Dave knows he's a fraud, an overpaid reader of a TelePrompTer, and he wants only to impress his father, win back his wife, and save his children all of which he believes he can accomplish by winning a morning-TV gig on a show hosted by Bryant Gumbel. He thinks he can fix everything, but he's so broken, it's an impossible task. He can't even dodge the fast food hurled at him by passersby who consider him a joke and a phony; his clothes are always dripping something greasy and sticky.
Overplaying downhearted and sadness has become Cage's act now; the man mopes more than a 2-year-old who doesn't get cake and ice cream for dinner. Once a manic maker of light comedy, Cage used to take roles that required him to wear the bright smile of optimism. There were times when he would explode, when his whole body would shudder, his voice would crack, and his eyes would widen like small planets, but his outbursts of rage were tempered by the laugh they were intended to elicit. Now, he seems to have turned entirely inward; the man walks as though his shoes are filled with lead weights, and his outbursts consist of random smiles willed into existence by a guy who appears to no longer believe in them.
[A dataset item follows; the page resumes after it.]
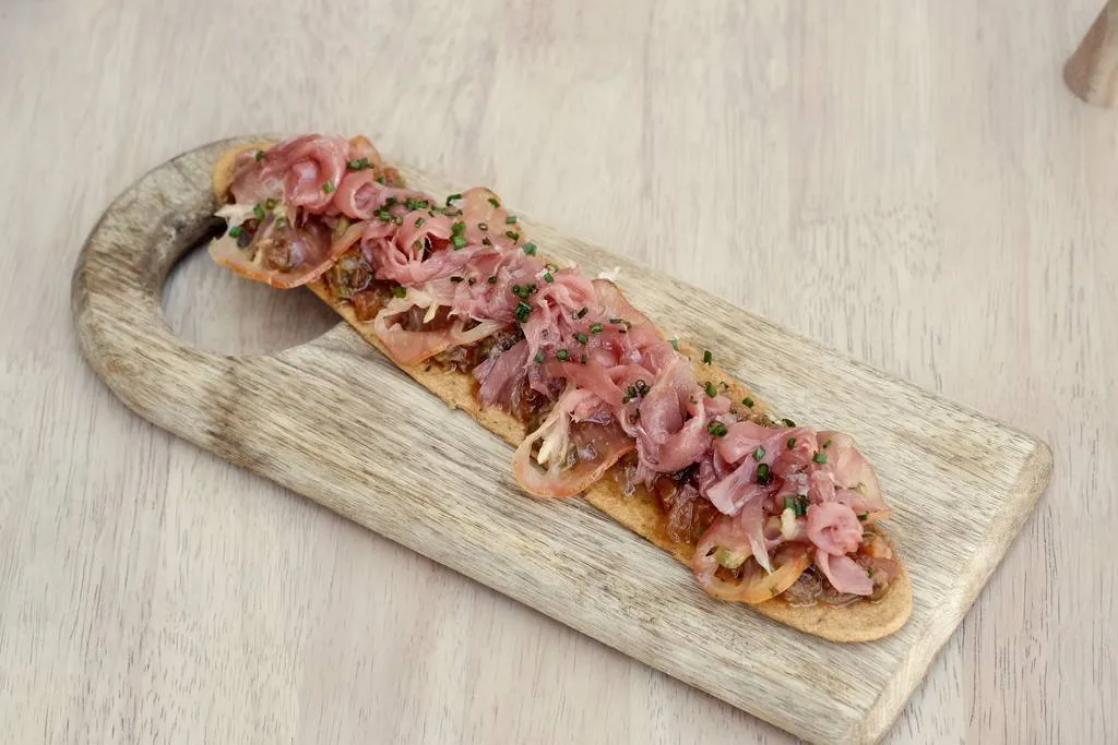 Sorprende encontrarse con elaboraciones tan simples pero tan completas al paladar. Es el caso de la coca con atún rojo Balfegó, de la carta del Bar del Pòsit de Cambrils. El toque caramelizado y tierno del atún –adornado en forma de montaña– contrasta con la coca que unifica, en la base, un delicioso sofrito de verduras coronado por cebollinos colocados en forma de flor.

In Dave Spritz, Cage rolls into the role he's played in such films as Leaving Las Vegas, The Family Man, Adaptation, and Matchstick Men, and finds the perfect balance between hope and give-up, between believing it will all work out and knowing it won't, and accepting it nonetheless. Dave, in every scene, is the smallest role Cage has ever played: the below-average man.
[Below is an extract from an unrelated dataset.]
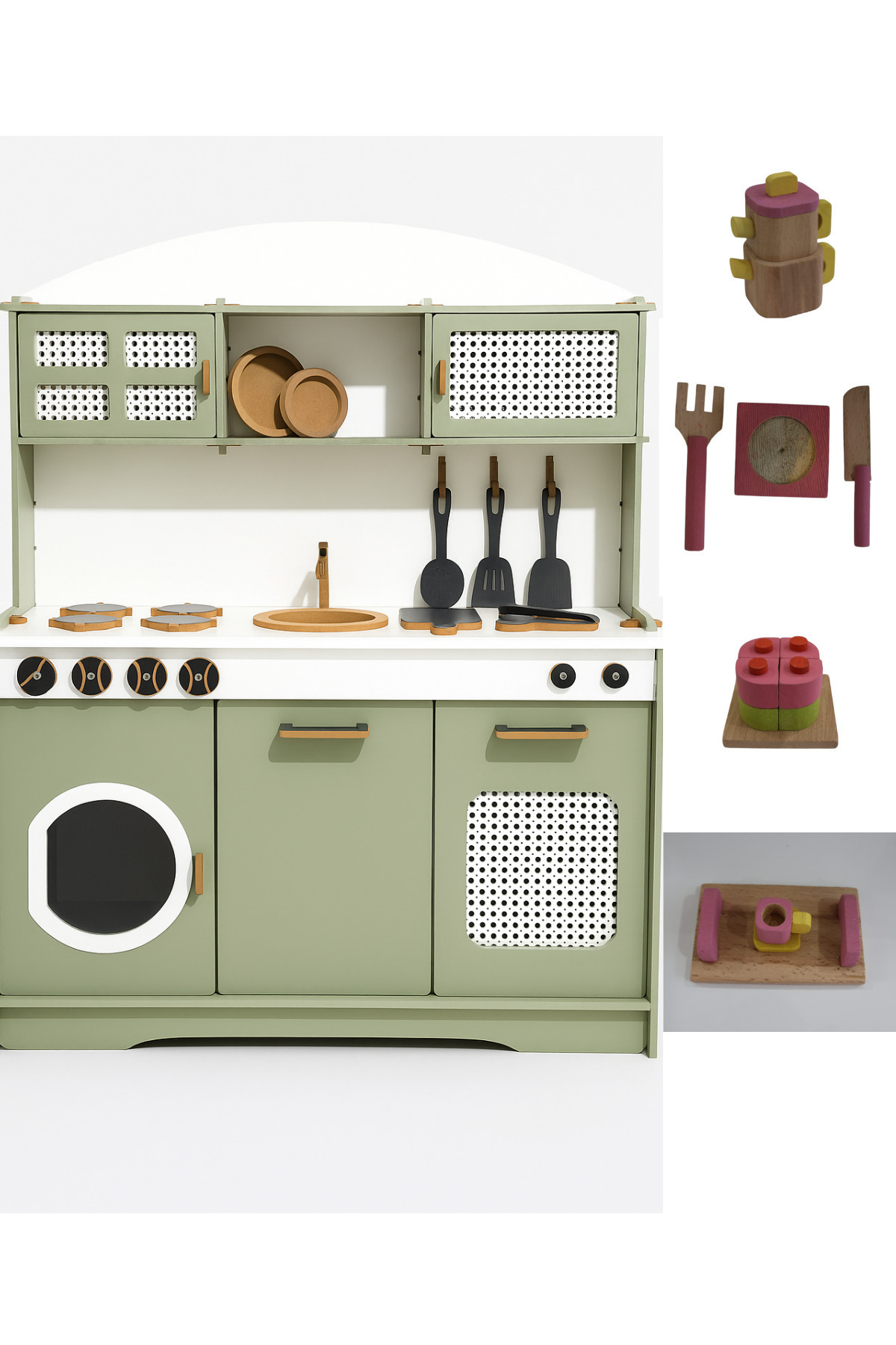 - 2 yaş ve üzeri çocukların güvenle kullanabileceği Ihlamur Siyah Aksesuarlı Çocuk Ahşap Mutfak Seti, minik şeflerin hayal gücünü geliştirmesi için idealdir.

Caine, too, is splendid as the father who's ashamed of his son but holds out hope he'll be something more. Robert could have been such a villain, an ice machine dispensing blocks of scold, but the filmmakers aren't interested in a bad guy, only in making Dave a better guy. Robert is something to aspire to a believer in potential, even in those who don't always exhibit it. He's frank with Dave about Shelly's weight and choice of clothes, not to make her the butt of a joke but to save her (and, in turn, to save Dave, who is not paying enough attention).
Yep, sure Cage and Caine deserve Oscar nominations; so do the kids and Davis, all perfect in a movie about imperfect people trying their best and usually doing their worst. But this is hardly the point. The Weather Man is not the wacky movie Paramount is selling, nor is it cynical Oscar bait. It's just a little movie about little people trying not to get wet or freeze to death or get burned when they walk outside, and good luck with all that.